(Stored items)
━━━━━━━━━━━━━━━━━━━━
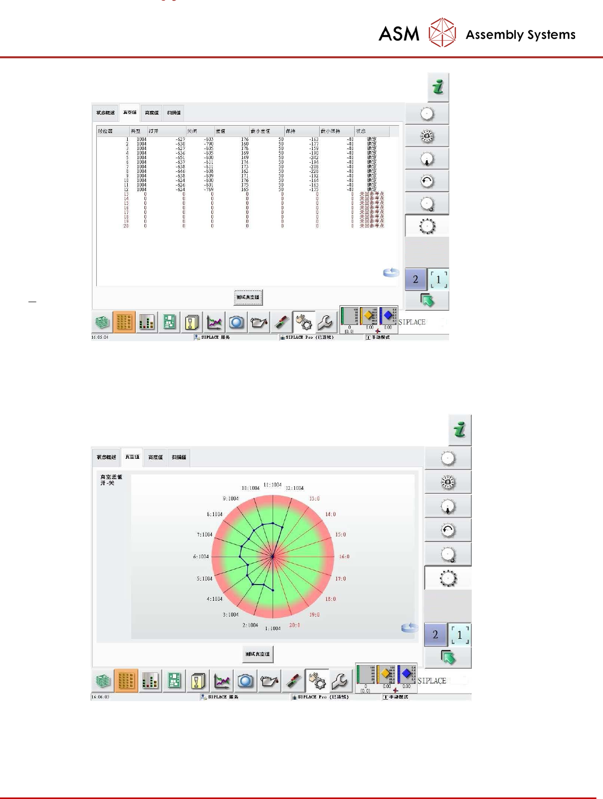 也可以切换画面,将显示如下图。测量值应位于绿色区域,若位于红色区域,则代表该吸嘴
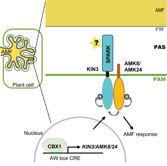 该研究阐明转录因子CBX1调控的KIN3-AMK8/24类受体激酶复合物在菌根共生中发挥关键作用, 暗示存在跨围丛枝膜调控丛枝发育的信号通路。 后续将通过研究复合物的互作蛋白或信号分子,解析信号转导途径,包括其胞外感知组分和下游信号传递组分等。
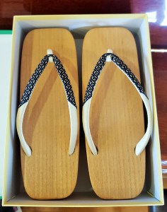 StandardYes, Shin finally brought Mei-Shun to 丸屋履物店 in Shinagawa, Tokyo. They sell many kinds of Japanese sandals including 下駄=geta, made of wood. She has put on 草履=zori, plastic ones so far in kimono. Since light and dry sound of geta steps match summer yukata better, she is so much satisfied to have one tailored for the first time in her life.
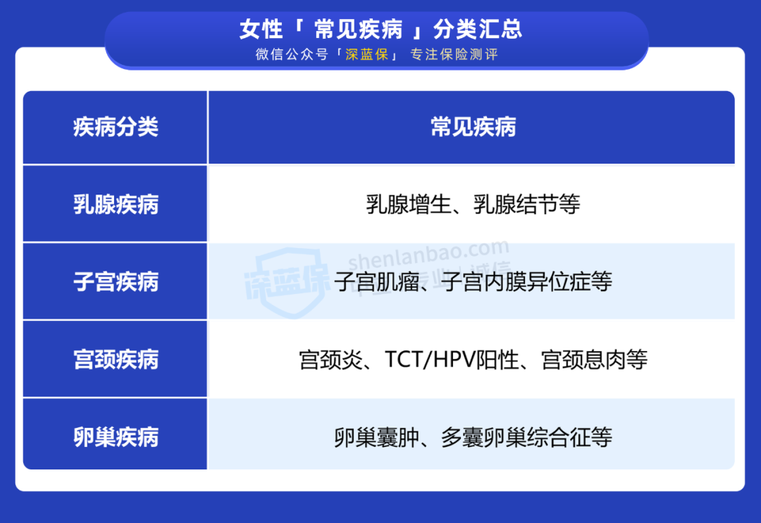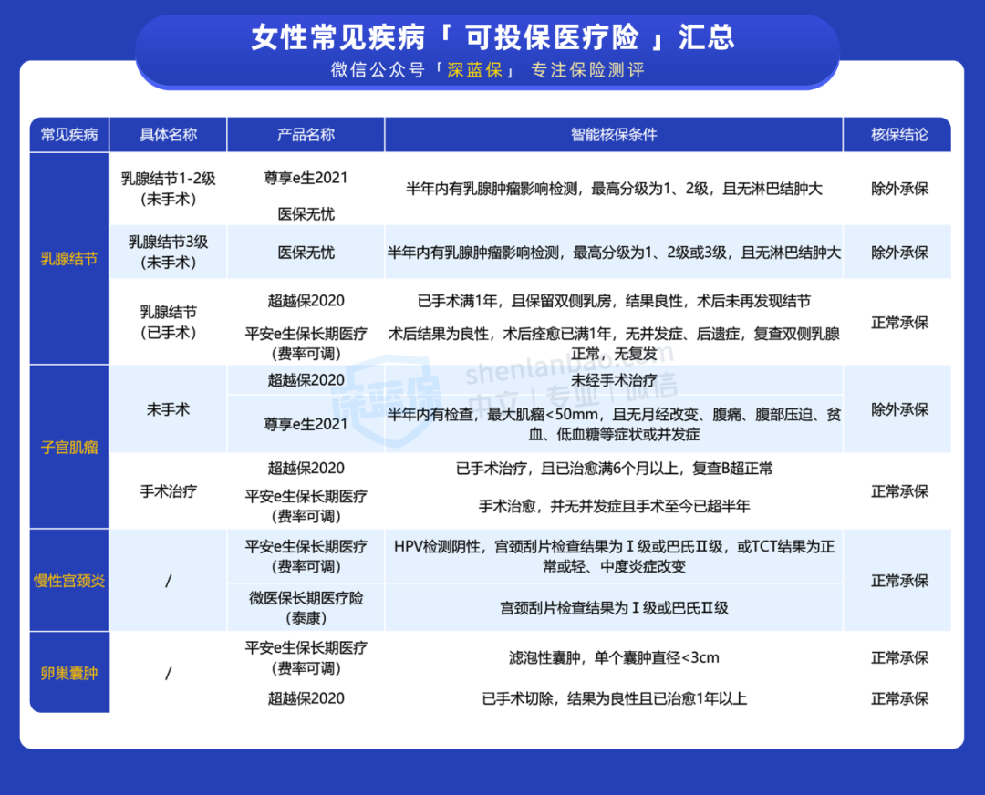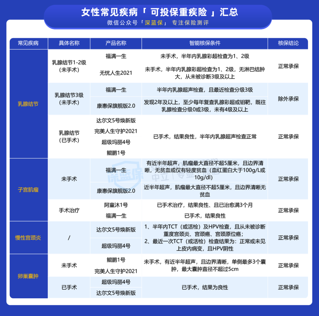 从表格可知,子宫肌瘤、慢性宫颈炎、卵巢囊肿这几种女性疾病,只要满足条件,大部分重疾险都能正常承保。
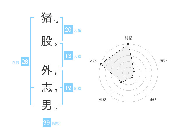 猪股 外志男さんを姓名の画数から五運を鑑定
━━━━━━━━━━━━━━━━━━━━
■ BRIEF:
Without the pictures, please output every record exactly.

■ SOLUTION TO THIS TASK:
 也可以切换画面,将显示如下图。测量值应位于绿色区域,若位于红色区域,则代表该吸嘴
 该研究阐明转录因子CBX1调控的KIN3-AMK8/24类受体激酶复合物在菌根共生中发挥关键作用, 暗示存在跨围丛枝膜调控丛枝发育的信号通路。 后续将通过研究复合物的互作蛋白或信号分子,解析信号转导途径,包括其胞外感知组分和下游信号传递组分等。
 StandardYes, Shin finally brought Mei-Shun to 丸屋履物店 in Shinagawa, Tokyo. They sell many kinds of Japanese sandals including 下駄=geta, made of wood. She has put on 草履=zori, plastic ones so far in kimono. Since light and dry sound of geta steps match summer yukata better, she is so much satisfied to have one tailored for the first time in her life.
 从表格可知,子宫肌瘤、慢性宫颈炎、卵巢囊肿这几种女性疾病,只要满足条件,大部分重疾险都能正常承保。
 猪股 外志男さんを姓名の画数から五運を鑑定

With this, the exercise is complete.